_Task to complete:_
Word for word, repeat the records, leaving every picture behind.

_Given data:_
* * * * * * *

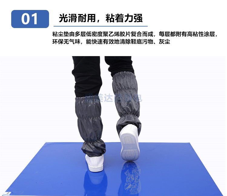 粘塵墊又稱粘塵地墊、粘塵地板膠,采用優(yōu)質(zhì)低密度聚乙烯材料和環(huán)保型壓敏水溶性粘合劑經(jīng)過(guò)特殊工藝復(fù)合而成,能使粘塵墊每層表面粘性均勻,不掉膠,無(wú)氣味,環(huán)保無(wú)毒。粘塵墊主要適用于貼放在無(wú)塵潔凈空間的入口處及緩沖區(qū)間,它能有效地粘除鞋底和車輪上的灰塵,最大限度的減少塵埃對(duì)潔凈環(huán)境質(zhì)量的影響,從而達(dá)到簡(jiǎn)易除塵的效果,是無(wú)塵潔凈車間除塵的重要方式之一。產(chǎn)品廣泛應(yīng)用于微電子、半導(dǎo)體、生物制藥,醫(yī)療器械、食品加工和醫(yī)院等各行業(yè)。
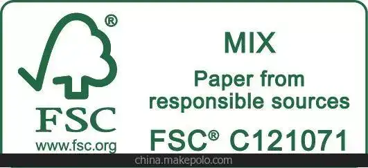 FSC Mix-混合来源标签:用于部分使用FSC认证森林原料、FSC受控木材和可回收材料生产的产品,标签文本为:“[产品类型] from responsible sources”。
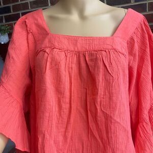 Terra & Sky Women’s Plus Size 0X 14W Coral Orange Square Neck Blouse Ruffle New
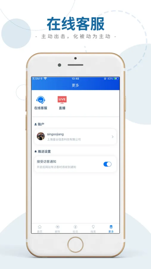 4, 在线客服:网站在线客户及时通知,主动发起沟通
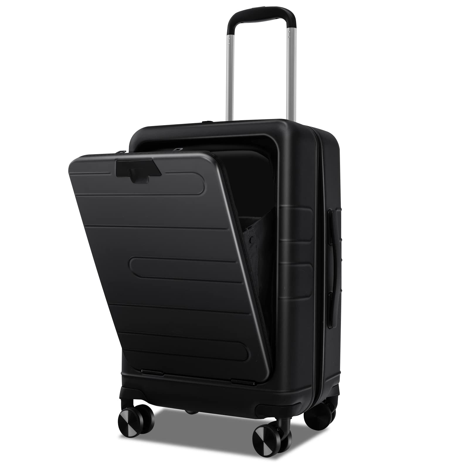 • Convenient Front Pocket Compartment: The 20"carry-on luggage is designed with an extra front pocket for quickly accessing your electronics, which is easy to store and take out when you need them. It features 4 compartments for keeping your 15.6 inches laptop, iPad, ID cards, boarding passes, and other belongings in order and partitioned.
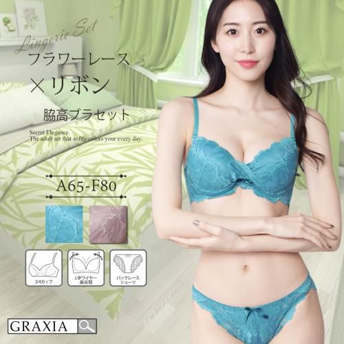 贅沢に使用したフラワーレースが大人っぽいブラ・ショーツセット(ブラセット)。繊細な花柄レースを全面に贅沢に使用し、豪華なデザインに仕上げたセット。同系色のリボンモチーフがポイントです。脇高設計で安定感があり、ふわふわの下厚カップでリフトアップ効果は抜群。お揃いショーツはフルバックレースで透け感もあってセクシーです。
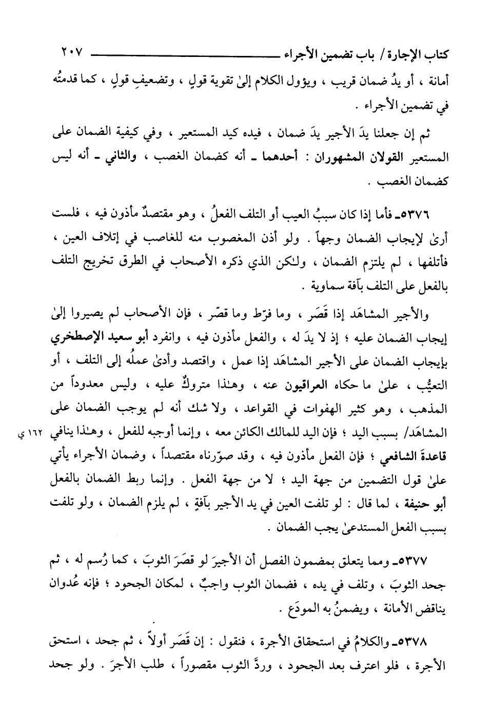 5377 - ومما يتعلق بمضمون الفصل أن الأجيرَ لو قصَرَ الثوبَ، كما رُسم له، ثم جحد الثوبَ، وتلف في يده، فضمان الثوب واجبٌ، لمكان الجحود؛ فإنه عُدوان يناقض الأمانة، ويضمنُ به المودَع.

* * * * * * *

_Answer:_
 粘塵墊又稱粘塵地墊、粘塵地板膠,采用優(yōu)質(zhì)低密度聚乙烯材料和環(huán)保型壓敏水溶性粘合劑經(jīng)過(guò)特殊工藝復(fù)合而成,能使粘塵墊每層表面粘性均勻,不掉膠,無(wú)氣味,環(huán)保無(wú)毒。粘塵墊主要適用于貼放在無(wú)塵潔凈空間的入口處及緩沖區(qū)間,它能有效地粘除鞋底和車輪上的灰塵,最大限度的減少塵埃對(duì)潔凈環(huán)境質(zhì)量的影響,從而達(dá)到簡(jiǎn)易除塵的效果,是無(wú)塵潔凈車間除塵的重要方式之一。產(chǎn)品廣泛應(yīng)用于微電子、半導(dǎo)體、生物制藥,醫(yī)療器械、食品加工和醫(yī)院等各行業(yè)。
 FSC Mix-混合来源标签:用于部分使用FSC认证森林原料、FSC受控木材和可回收材料生产的产品,标签文本为:“[产品类型] from responsible sources”。
 Terra & Sky Women’s Plus Size 0X 14W Coral Orange Square Neck Blouse Ruffle New
 4, 在线客服:网站在线客户及时通知,主动发起沟通
 • Convenient Front Pocket Compartment: The 20"carry-on luggage is designed with an extra front pocket for quickly accessing your electronics, which is easy to store and take out when you need them. It features 4 compartments for keeping your 15.6 inches laptop, iPad, ID cards, boarding passes, and other belongings in order and partitioned.
 贅沢に使用したフラワーレースが大人っぽいブラ・ショーツセット(ブラセット)。繊細な花柄レースを全面に贅沢に使用し、豪華なデザインに仕上げたセット。同系色のリボンモチーフがポイントです。脇高設計で安定感があり、ふわふわの下厚カップでリフトアップ効果は抜群。お揃いショーツはフルバックレースで透け感もあってセクシーです。
 5377 - ومما يتعلق بمضمون الفصل أن الأجيرَ لو قصَرَ الثوبَ، كما رُسم له، ثم جحد الثوبَ، وتلف في يده، فضمان الثوب واجبٌ، لمكان الجحود؛ فإنه عُدوان يناقض الأمانة، ويضمنُ به المودَع.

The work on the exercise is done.